Stable human regulatory T cells switch to glycolysis following TNF receptor 2 costimulation

Following activation, conventional T (T conv ) cells undergo an mTOR-driven glycolytic switch. Regulatory T (T reg ) cells reportedly repress the mTOR pathway and avoid glycolysis. However, here we demonstrate that human thymus-derived T reg (tT reg ) cells can become glycolytic in response to tumour necrosis factor receptor 2 (TNFR2) costimulation. This costimulus increases proliferation and induces a glycolytic switch in CD3-activated tT reg cells, but not in T conv cells. Glycolysis in CD3–TNFR2-activated tT reg cells is driven by PI3-kinase–mTOR signalling and supports tT reg cell identity and suppressive function.
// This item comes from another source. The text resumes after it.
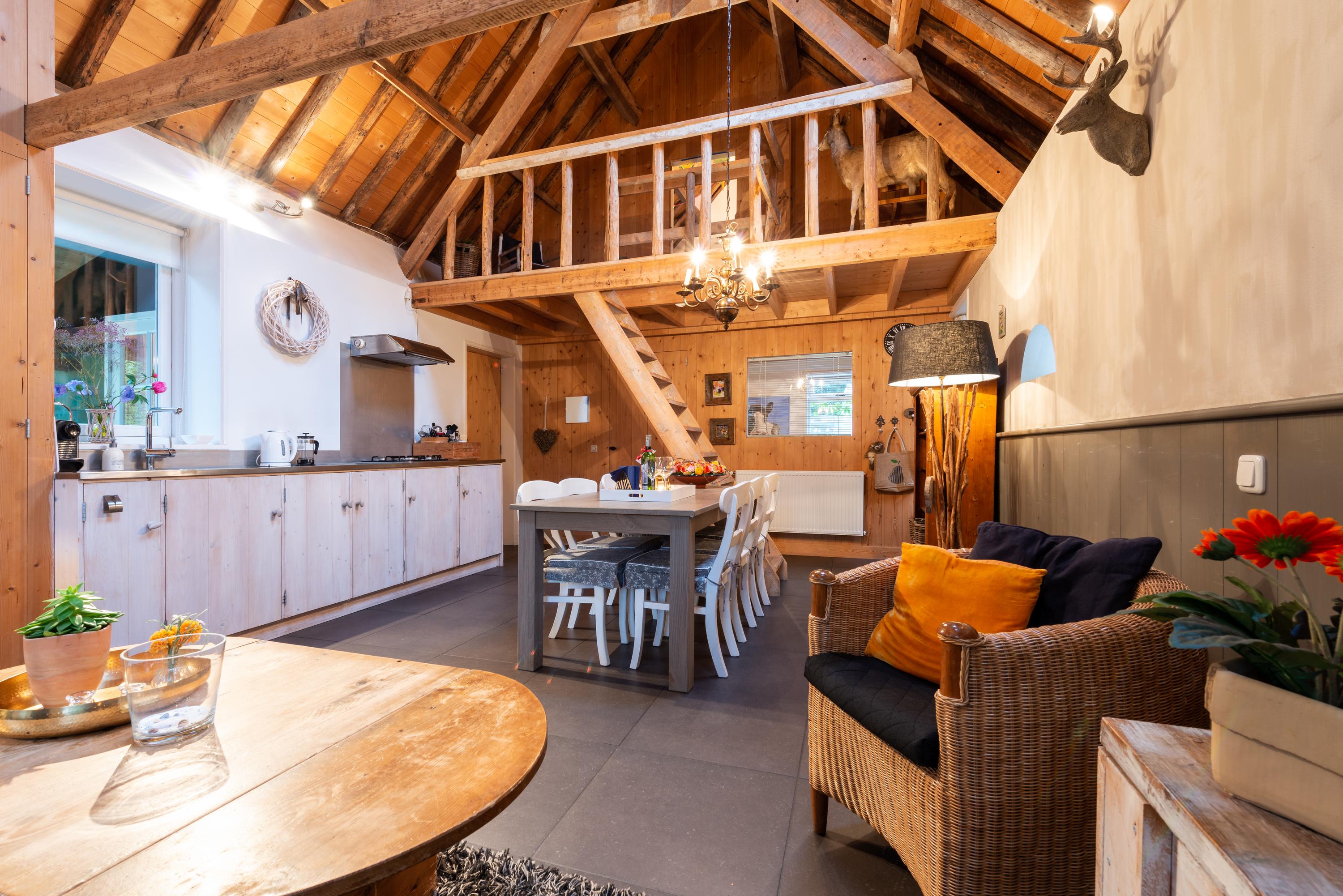 RECREATIEWONING beukenhoeve.nl: Achter de woning staat een luxe, in stijl gerenoveerde recreatiewoning 't Beukje, met een fraai verwarmde veranda. Deze heeft een woonkamer, open keuken, twee slaapkamers op de begane grond en een slaapkamer op de eerst verdieping. (vide) De badkamer op de begane grond heeft vloerverwarming en een aansluiting voor een wasmachine. Verder inloopdouche, wastafelmeubel en toilet. Er is een eigen tuin grenzend aan de veranda.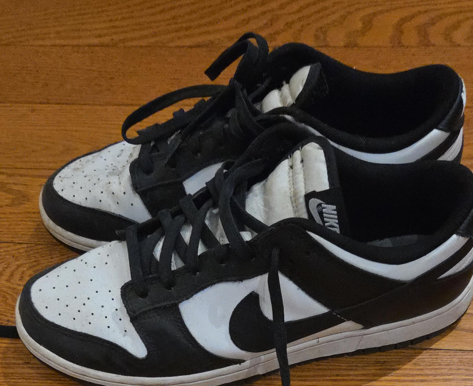 38Selling a pair of Nike Dunk Low shoes in a classic black and white colourway. These shoes have the iconic Nike swoosh and are in good condition for everyday wear. Perfect for adding a stylish touch to any outfit!

In contrast to glycolytic T conv cells, glycolytic tT reg cells do not show net lactate secretion and shuttle glucose-derived carbon into the tricarboxylic acid cycle. Ex vivo characterization of blood-derived TNFR2 hi CD4 + CD25 hi CD127 lo effector T cells, which were FOXP3 + IKZF2 + , revealed an increase in glucose consumption and intracellular lactate levels, thus identifying them as glycolytic tT reg cells. Our study links TNFR2 costimulation in human tT reg cells to metabolic remodelling, providing an additional avenue for drug targeting. After activation, conventional T cells undergo metabolic reprogramming. de Kivit et al. show that in human thymic regulatory T cells, TNFR2 stimulation promotes a glycolytic switch with a preferential glucose-derived carbon flux into the TCA cycle to support suppressive functions.